- Directed by: T. J. Kumar
- Starring: Manoj Kunal Nandana
- Music by: Deva
- Production company: Lakshmi Raju Pictures
- Release date: 11 November 2005;
- Country: India
- Language: Tamil

= Saadhuriyan =

Saadhuriyan is a 2005 Indian Tamil-language romantic action film written and directed by T. J. Kumar. It features Manoj, Kunal, and Nandana. The score and soundtrack for the film was by Deva.

== Cast ==
- Manoj
- Kunal
- Nandana
- Yugendran

==Production==
T. J. Kumar, an erstwhile assistant of director K. Subhash, narrated the story of Saadhuriyan to director Bharathiraja, who recommended that his son Manoj was cast in the project. Manoj changed his stage name to Manoj Bharathi for the film, hoping that it would be a more auspicious name for him. Kunal was signed on to play a second lead role, appearing with Manoj again after Varushamellam Vasantham (2002), and a photo session featuring both actors was held in October 2004. Meera Vasudevan was cast as the lead actress, before being replaced by Rathi.

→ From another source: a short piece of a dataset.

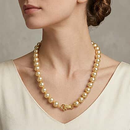 A refined take on classic pearl styling, this necklace features golden shell pearl beads that radiate a rich, lustrous glow with every movement. Each bead is smoothly polished and carefully matched in size, creating a balanced and cohesive look that sits beautifully along the neckline. The golden tone adds depth and warmth, offering a refined alternative to traditional pearl shades while maintaining a timeless appeal. Finished with a gold-tone clasp, the design ensures a secure fit while complementing the overall colour palette. Lightweight and comfortable, this piece transitions effortlessly from everyday wear to more elevated occasions.

A scene in which Manoj was to put his hand on Nandana took several takes till Nandana put his hand on her by herself.

==Soundtrack==
The score and soundtrack for the film was by Deva.
- "Anju Vayasula" — Sabesh
- "Kannamma Kannamma" — Tippu, Anuradha Sriram
- "Naalai Enaka" — Jeevarekha
- "Saadhuriyana" — Febi Mani
- "Singamada" — Jayalakshmi, Mahesh Vinayaga Ram
- "Vachan Vachan" — Srikanth Deva, Malathi Lakshman

==Release and reception==
The film had a theatrical release on 11 November 2005 across Tamil Nadu.

The film's lead pair, Manoj and Nandana, fell in love during the making of the film and later got married in December 2006.